Stored items from a collection

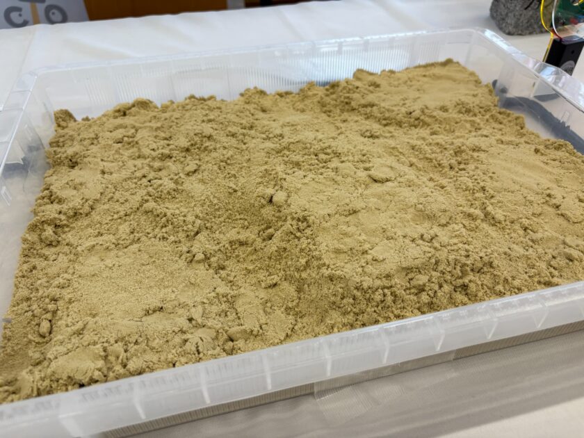 普通の砂とは違ってシリコンが混ざった特殊な砂だそうで、そうすることで触れても手にまとわりつかないんだそうです!
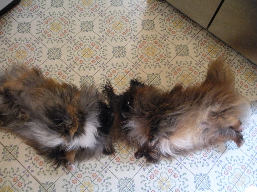 Пекинесы Фокси и его сын Дрейки демонстрируют древнее китайское искусство "Синхронный отдых".
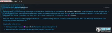 即便如此,暗牧在7.1.5还是会有大量显著的改动。并且一旦确定下来,我们还想试试其他的狂乱值流失速率来确保所有事情都像它应该有的样子一样。
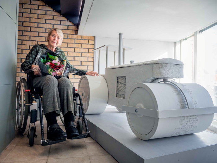 Tittel: Dampveivals Født 14. mars 1950, Kristiansand Fredrikstad kommune ble overrakt kunstverket «Dampveivals» fredag 11. november 2022. Kunstverket er laget i forbindelse med Østfold Kunstnersenter sitt 20-års jubileum i 2021, og er en gave til kommunen. Det er plassert hos Teknisk drift i Tomteveien. Da Østfold kunstnersenter fylte 10 år i 2001 bestemte en gruppe av Fredrikstads kunstnere seg for å lage et felles prosjekt i hagen utenfor Fergestedsveien 5. Kunstnerne laget hvert sitt tresnitt på store MDF plater, la på papir og lot en virkelig dampveivals kjøre over platene og trykke det lange bildet på noen titalls meter. Da kunstnersenterets 20 års jubileum stod for tur hadde Tulla Elieson flyttet sitt keramikkverksted fra Vaterland til NTP. Her hadde hun i flere år blitt eksponert for fabrikkens industriprodukter, og lett gjennom fabrikkens gamle lagre og funnet rester etter fabrikkens tidligere produksjon. Her fant hun blant annet bokstaver og tall for hus og blokker, deler til sikringsskap, armatur, isolatorer i alle slags størrelser og utallige andre små produktene som hadde vært produsert en gang. Viktigst i dag er imidlertid «tønnene», eller de store runde sylinderne som er brukt i «dampveivalsen». Ideen om å lage nettopp en dampveivals kom av kunstsenterets nye jubileum, inspirert av fellesprosjektet ti år tidligere. Dampveivalsen skulle kunne trykke en tekst, så motoren er fylt med bokstaver.
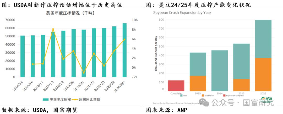 新作方面,USDA预计美豆新作压榨较23/24年度压榨增5.9%至24.25亿蒲,USDA对新作压榨预估的增幅位于近5年最高水平,对于新作压榨暂时维持USDA预估水平。
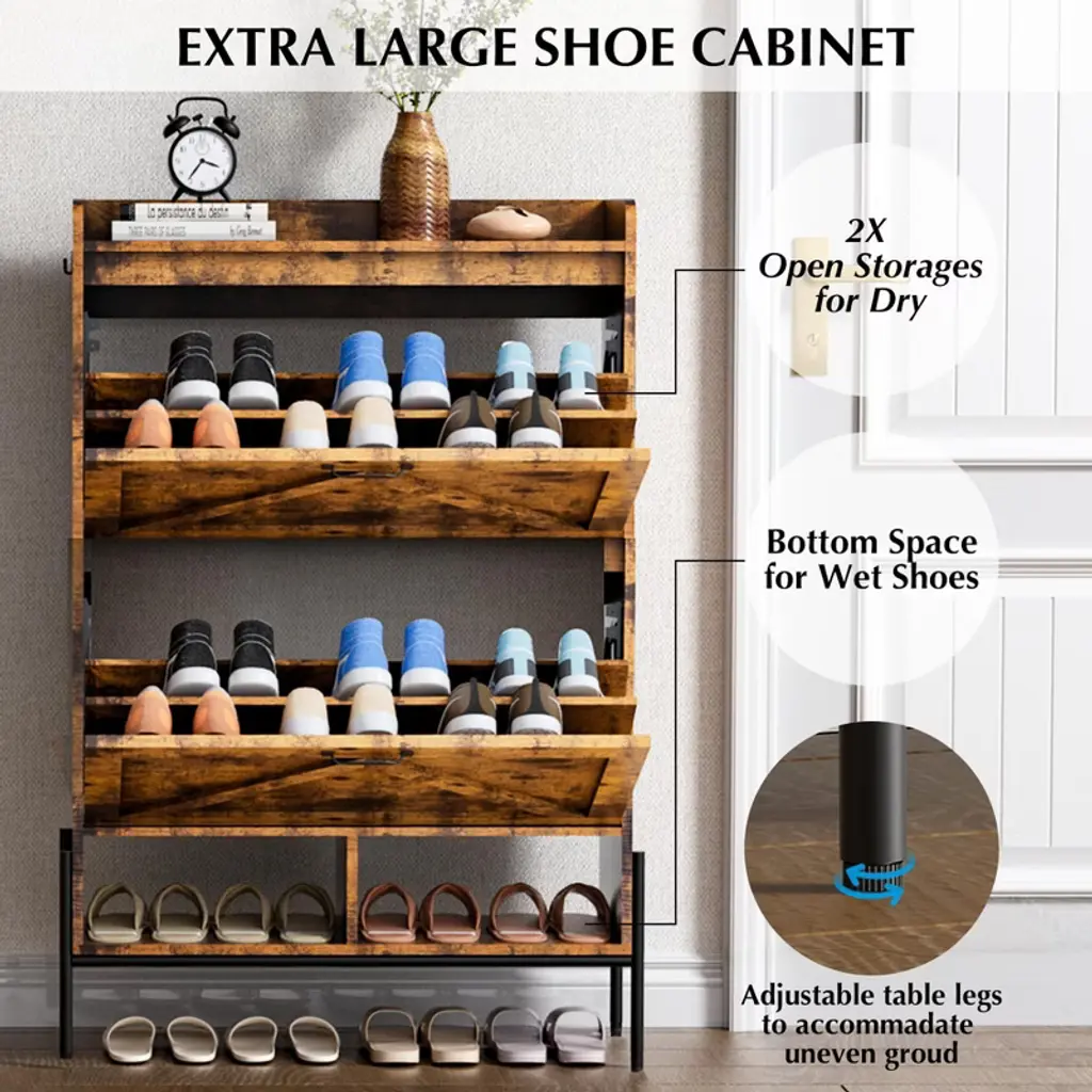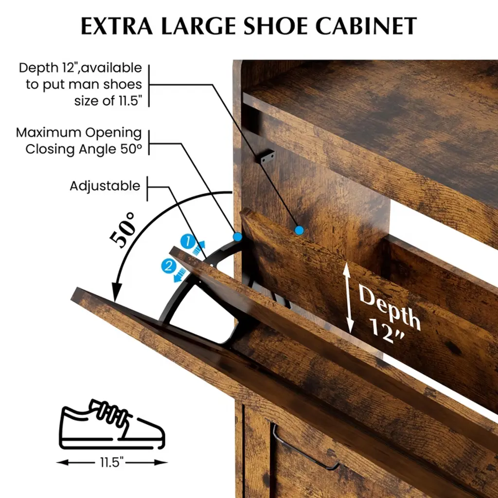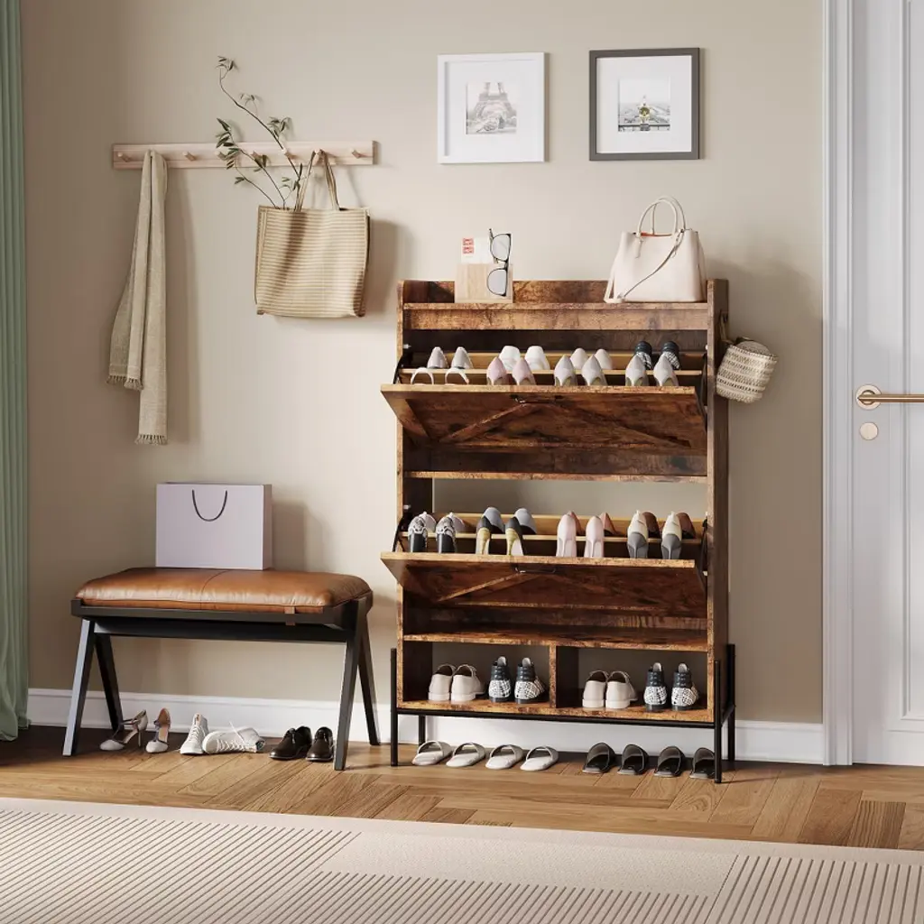 Cuisinsmart Farmhouse Shoe Storage Cabinet With Metal Legs, Narrow Hidden Shoe Rack With 2 Flip Drawers, Shoe Organizer For Entryway, Retro

**EXERCISE**
Write out the entries above word for word. Do not include the pictures.

**OUTPUT BELOW**
 普通の砂とは違ってシリコンが混ざった特殊な砂だそうで、そうすることで触れても手にまとわりつかないんだそうです!
 Пекинесы Фокси и его сын Дрейки демонстрируют древнее китайское искусство "Синхронный отдых".
 即便如此,暗牧在7.1.5还是会有大量显著的改动。并且一旦确定下来,我们还想试试其他的狂乱值流失速率来确保所有事情都像它应该有的样子一样。
 Tittel: Dampveivals Født 14. mars 1950, Kristiansand Fredrikstad kommune ble overrakt kunstverket «Dampveivals» fredag 11. november 2022. Kunstverket er laget i forbindelse med Østfold Kunstnersenter sitt 20-års jubileum i 2021, og er en gave til kommunen. Det er plassert hos Teknisk drift i Tomteveien. Da Østfold kunstnersenter fylte 10 år i 2001 bestemte en gruppe av Fredrikstads kunstnere seg for å lage et felles prosjekt i hagen utenfor Fergestedsveien 5. Kunstnerne laget hvert sitt tresnitt på store MDF plater, la på papir og lot en virkelig dampveivals kjøre over platene og trykke det lange bildet på noen titalls meter. Da kunstnersenterets 20 års jubileum stod for tur hadde Tulla Elieson flyttet sitt keramikkverksted fra Vaterland til NTP. Her hadde hun i flere år blitt eksponert for fabrikkens industriprodukter, og lett gjennom fabrikkens gamle lagre og funnet rester etter fabrikkens tidligere produksjon. Her fant hun blant annet bokstaver og tall for hus og blokker, deler til sikringsskap, armatur, isolatorer i alle slags størrelser og utallige andre små produktene som hadde vært produsert en gang. Viktigst i dag er imidlertid «tønnene», eller de store runde sylinderne som er brukt i «dampveivalsen». Ideen om å lage nettopp en dampveivals kom av kunstsenterets nye jubileum, inspirert av fellesprosjektet ti år tidligere. Dampveivalsen skulle kunne trykke en tekst, så motoren er fylt med bokstaver.
 新作方面,USDA预计美豆新作压榨较23/24年度压榨增5.9%至24.25亿蒲,USDA对新作压榨预估的增幅位于近5年最高水平,对于新作压榨暂时维持USDA预估水平。
 Cuisinsmart Farmhouse Shoe Storage Cabinet With Metal Legs, Narrow Hidden Shoe Rack With 2 Flip Drawers, Shoe Organizer For Entryway, Retro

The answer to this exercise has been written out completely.